© 2018 - 2025 Karnet Narciarski Tatry Super Ski
Ferie dobiegły końca. Nie oznacza to jednak, że wraz z nimi skończyło się zimowe szaleństwo. Nasze ośrodki wciąż działają pełną parą, szczególnie że wiele wskazuje na to, że pogoda w marcu będzie sprzyjać narciarzom i snowboardzistom. Trzeci miesiąc tego roku doskonały czas, aby cieszyć się urokami sportów zimowych. Dlaczego? Znamy przynajmniej 5 powodów!
1. Jest taniej!
Pierwszy, a dla wielu być może najważniejszy powód. Jadąc na narty w marcu, można solidnie zaoszczędzić. 13 marca na stokach Tatry Super Ski rozpoczyna się sezon NISKI, a wraz z nim przychodzą nowe, niższe ceny skipassów. Oznacza to, że wybrane karnety z naszej oferty można kupić taniej. Gdyby tego było mało to dodatkowe oszczędności zapewnia także nasz sklep online. Tam skipassy: dzienne na 1, 2, 3, 4, 5, 6 i 7 dni, karnet 3 dni z 5 dni, karnet 5 dni z 7 dni, karnet 4-godzinny i karnet po 16:00.można kupić z 6-procentową zniżką. Więcej o szczegółach naszej zimowej oferty napisaliśmy w innym wpisie na naszym blogu.
Zniżki nie dotyczą jedynie karnetów narciarskich. Ceny obniżają również właściciele kwater i hoteli. Marzec jest bowiem okresem przejściowym w turystyce. 26 lutego ostatnie województwa zakończyły swoje ferie, a szaleństwo związane z Wielkanocą i majówką dopiero się zacznie. Warto skorzystać!
2. Świetne warunki!
Cenowa odwilż na szczęście nie oznacza tej w pogodzie. Szczególnie że marzec w tym roku zapowiada się wyjątkowo śnieżnie i wiele wskazuje na to, że narciarze i snowboardziści na tzw. „warun” nie będą mogli narzekać. Poza tym ten miesiąc przynosi ze sobą znacznie dłuższe dni. Szusowanie przy sztucznym świetle niewątpliwie ma swój klimat. Jednak połączenie dodatkowej dawki witaminy D (słońce!) z endorfinami wydzielającymi się po jeździe na nartach czy desce jest najlepszą możliwą mieszanką.
3. Mniej… ludzi
Przestrzeń, wiatr we włosach (oczywiście tylko metaforycznie – kask to obowiązek!) i spokojne szusowanie. W sezonie nie zawsze jest to możliwe. Marzec to jednak zupełnie inna narciarska bajka.

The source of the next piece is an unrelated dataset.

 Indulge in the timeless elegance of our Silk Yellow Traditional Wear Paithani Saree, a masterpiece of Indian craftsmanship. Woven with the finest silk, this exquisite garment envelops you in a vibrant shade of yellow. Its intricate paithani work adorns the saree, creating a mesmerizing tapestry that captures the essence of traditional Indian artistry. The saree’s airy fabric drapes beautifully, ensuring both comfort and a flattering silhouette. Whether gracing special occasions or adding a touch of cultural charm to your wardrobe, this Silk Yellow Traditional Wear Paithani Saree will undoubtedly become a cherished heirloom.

Miesiąc, który dla jednych jest szansą na złapanie finansowego oddechu po feriach, dla drugich oznacza okazję do slalomu (zawsze z zachowaniem wszystkich zasad bezpieczeństwa!), niekoniecznie między innymi narciarzami.
4. A może w góry?
Charakterystycznym elementem krajobrazu podczas szusowania na podtatrzańskich stokach są niewątpliwie góry. Ośnieżone, majestatyczne szczyty, mimo że zachwycają oczy to dla wielu w sezonie zimowym pozostają nieosiągalne. Ostatnie tygodnie i utrzymujące się zagrożenie lawinowe sprawiły, że nawet wycieczki do Morskiego Oka mogą być ryzykowne. Mimo że w marcu wciąż jest zima (w tych wysokich partiach gór śnieg utrzymuje się jeszcze w lipcu), to wycieczka po tatrzańskich dolinach czy na leżący w Gorcach Turbacz wydaje się być w zasięgu… nóg. Warto zaplanować sobie jeden dzień na złapanie oddechu od stoków i ruszenie na szlak. Oczywiście – po zapoznaniu się z aktualnymi rekomendacjami służ TOPR oraz GOPR.

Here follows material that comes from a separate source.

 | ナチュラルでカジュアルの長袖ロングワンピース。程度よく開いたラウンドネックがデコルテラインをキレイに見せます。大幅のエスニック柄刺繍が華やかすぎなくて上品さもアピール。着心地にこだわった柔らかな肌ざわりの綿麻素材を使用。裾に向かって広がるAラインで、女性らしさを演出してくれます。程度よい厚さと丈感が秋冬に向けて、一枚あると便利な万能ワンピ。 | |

5. Budząca się do życia przyroda!
Marzec to miesiąc, w którym zima zaczyna ustępować miejsca wiośnie. I widać to także na podtatrzu. W reglach można usłyszeć śpiew ptaków, a przez śnieg w Doline Chochołowskiej – przy dobrej pogodzie – zaczynają przebijać się słynne krokusy. To jedyny miesiąc w roku, w którym można połączyć szusowanie na nartach z szukaniem zwiastunów wiosny. Tego spektaklu nie można przegapić!